TASK OBJECTIVE: The records shown below are to be repeated exactly and completely.

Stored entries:

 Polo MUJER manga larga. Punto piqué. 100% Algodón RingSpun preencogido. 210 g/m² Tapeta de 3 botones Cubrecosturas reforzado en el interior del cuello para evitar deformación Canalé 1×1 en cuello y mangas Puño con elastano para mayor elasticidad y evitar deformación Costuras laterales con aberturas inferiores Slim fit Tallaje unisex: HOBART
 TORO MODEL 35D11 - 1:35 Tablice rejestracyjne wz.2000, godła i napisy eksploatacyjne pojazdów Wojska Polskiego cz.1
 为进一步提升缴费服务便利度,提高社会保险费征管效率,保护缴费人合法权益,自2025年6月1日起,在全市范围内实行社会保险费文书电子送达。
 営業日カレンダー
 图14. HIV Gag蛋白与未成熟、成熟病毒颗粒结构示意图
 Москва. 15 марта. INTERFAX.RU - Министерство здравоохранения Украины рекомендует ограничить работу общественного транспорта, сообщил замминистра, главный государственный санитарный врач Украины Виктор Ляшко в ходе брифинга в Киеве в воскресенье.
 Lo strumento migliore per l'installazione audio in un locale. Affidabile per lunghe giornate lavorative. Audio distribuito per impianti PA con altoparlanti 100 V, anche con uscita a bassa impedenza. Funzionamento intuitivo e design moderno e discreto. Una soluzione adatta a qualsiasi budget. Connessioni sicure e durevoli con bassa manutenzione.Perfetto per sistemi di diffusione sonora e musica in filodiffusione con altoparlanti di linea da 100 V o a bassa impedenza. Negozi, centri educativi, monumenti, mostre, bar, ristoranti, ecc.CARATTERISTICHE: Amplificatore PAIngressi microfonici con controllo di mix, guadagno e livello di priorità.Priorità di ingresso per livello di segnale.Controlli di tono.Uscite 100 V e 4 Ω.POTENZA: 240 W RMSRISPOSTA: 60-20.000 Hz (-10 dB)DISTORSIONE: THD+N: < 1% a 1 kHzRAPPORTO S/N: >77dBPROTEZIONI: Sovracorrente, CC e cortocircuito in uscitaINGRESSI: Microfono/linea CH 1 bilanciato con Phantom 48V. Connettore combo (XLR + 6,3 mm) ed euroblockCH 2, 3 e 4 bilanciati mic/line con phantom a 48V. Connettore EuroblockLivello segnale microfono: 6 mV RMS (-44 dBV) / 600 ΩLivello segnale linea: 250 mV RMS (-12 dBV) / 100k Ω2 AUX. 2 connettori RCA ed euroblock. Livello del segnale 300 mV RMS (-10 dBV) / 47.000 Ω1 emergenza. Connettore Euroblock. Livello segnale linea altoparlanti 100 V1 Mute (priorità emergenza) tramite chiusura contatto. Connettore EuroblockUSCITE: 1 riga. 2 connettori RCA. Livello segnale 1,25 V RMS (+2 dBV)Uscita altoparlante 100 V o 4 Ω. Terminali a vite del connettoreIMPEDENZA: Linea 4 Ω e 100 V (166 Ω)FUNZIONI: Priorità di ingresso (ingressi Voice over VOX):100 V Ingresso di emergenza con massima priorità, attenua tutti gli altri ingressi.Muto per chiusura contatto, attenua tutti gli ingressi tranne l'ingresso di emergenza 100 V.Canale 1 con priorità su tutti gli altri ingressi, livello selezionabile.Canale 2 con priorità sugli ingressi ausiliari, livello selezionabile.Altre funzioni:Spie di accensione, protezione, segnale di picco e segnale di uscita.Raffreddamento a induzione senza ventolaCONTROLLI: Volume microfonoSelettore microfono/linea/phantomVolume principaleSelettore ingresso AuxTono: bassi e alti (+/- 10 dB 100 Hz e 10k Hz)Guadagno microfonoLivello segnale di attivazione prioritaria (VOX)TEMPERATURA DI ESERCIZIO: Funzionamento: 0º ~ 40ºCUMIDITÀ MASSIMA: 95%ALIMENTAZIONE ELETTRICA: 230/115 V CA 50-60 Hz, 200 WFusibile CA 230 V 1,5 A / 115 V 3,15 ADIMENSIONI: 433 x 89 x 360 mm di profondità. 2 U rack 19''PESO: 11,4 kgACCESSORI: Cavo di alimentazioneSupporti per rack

WRITTEN REPLY:
 Polo MUJER manga larga. Punto piqué. 100% Algodón RingSpun preencogido. 210 g/m² Tapeta de 3 botones Cubrecosturas reforzado en el interior del cuello para evitar deformación Canalé 1×1 en cuello y mangas Puño con elastano para mayor elasticidad y evitar deformación Costuras laterales con aberturas inferiores Slim fit Tallaje unisex: HOBART
 TORO MODEL 35D11 - 1:35 Tablice rejestracyjne wz.2000, godła i napisy eksploatacyjne pojazdów Wojska Polskiego cz.1
 为进一步提升缴费服务便利度,提高社会保险费征管效率,保护缴费人合法权益,自2025年6月1日起,在全市范围内实行社会保险费文书电子送达。
 営業日カレンダー
 图14. HIV Gag蛋白与未成熟、成熟病毒颗粒结构示意图
 Москва. 15 марта. INTERFAX.RU - Министерство здравоохранения Украины рекомендует ограничить работу общественного транспорта, сообщил замминистра, главный государственный санитарный врач Украины Виктор Ляшко в ходе брифинга в Киеве в воскресенье.
 Lo strumento migliore per l'installazione audio in un locale. Affidabile per lunghe giornate lavorative. Audio distribuito per impianti PA con altoparlanti 100 V, anche con uscita a bassa impedenza. Funzionamento intuitivo e design moderno e discreto. Una soluzione adatta a qualsiasi budget. Connessioni sicure e durevoli con bassa manutenzione.Perfetto per sistemi di diffusione sonora e musica in filodiffusione con altoparlanti di linea da 100 V o a bassa impedenza. Negozi, centri educativi, monumenti, mostre, bar, ristoranti, ecc.CARATTERISTICHE: Amplificatore PAIngressi microfonici con controllo di mix, guadagno e livello di priorità.Priorità di ingresso per livello di segnale.Controlli di tono.Uscite 100 V e 4 Ω.POTENZA: 240 W RMSRISPOSTA: 60-20.000 Hz (-10 dB)DISTORSIONE: THD+N: < 1% a 1 kHzRAPPORTO S/N: >77dBPROTEZIONI: Sovracorrente, CC e cortocircuito in uscitaINGRESSI: Microfono/linea CH 1 bilanciato con Phantom 48V. Connettore combo (XLR + 6,3 mm) ed euroblockCH 2, 3 e 4 bilanciati mic/line con phantom a 48V. Connettore EuroblockLivello segnale microfono: 6 mV RMS (-44 dBV) / 600 ΩLivello segnale linea: 250 mV RMS (-12 dBV) / 100k Ω2 AUX. 2 connettori RCA ed euroblock. Livello del segnale 300 mV RMS (-10 dBV) / 47.000 Ω1 emergenza. Connettore Euroblock. Livello segnale linea altoparlanti 100 V1 Mute (priorità emergenza) tramite chiusura contatto. Connettore EuroblockUSCITE: 1 riga. 2 connettori RCA. Livello segnale 1,25 V RMS (+2 dBV)Uscita altoparlante 100 V o 4 Ω. Terminali a vite del connettoreIMPEDENZA: Linea 4 Ω e 100 V (166 Ω)FUNZIONI: Priorità di ingresso (ingressi Voice over VOX):100 V Ingresso di emergenza con massima priorità, attenua tutti gli altri ingressi.Muto per chiusura contatto, attenua tutti gli ingressi tranne l'ingresso di emergenza 100 V.Canale 1 con priorità su tutti gli altri ingressi, livello selezionabile.Canale 2 con priorità sugli ingressi ausiliari, livello selezionabile.Altre funzioni:Spie di accensione, protezione, segnale di picco e segnale di uscita.Raffreddamento a induzione senza ventolaCONTROLLI: Volume microfonoSelettore microfono/linea/phantomVolume principaleSelettore ingresso AuxTono: bassi e alti (+/- 10 dB 100 Hz e 10k Hz)Guadagno microfonoLivello segnale di attivazione prioritaria (VOX)TEMPERATURA DI ESERCIZIO: Funzionamento: 0º ~ 40ºCUMIDITÀ MASSIMA: 95%ALIMENTAZIONE ELETTRICA: 230/115 V CA 50-60 Hz, 200 WFusibile CA 230 V 1,5 A / 115 V 3,15 ADIMENSIONI: 433 x 89 x 360 mm di profondità. 2 U rack 19''PESO: 11,4 kgACCESSORI: Cavo di alimentazioneSupporti per rack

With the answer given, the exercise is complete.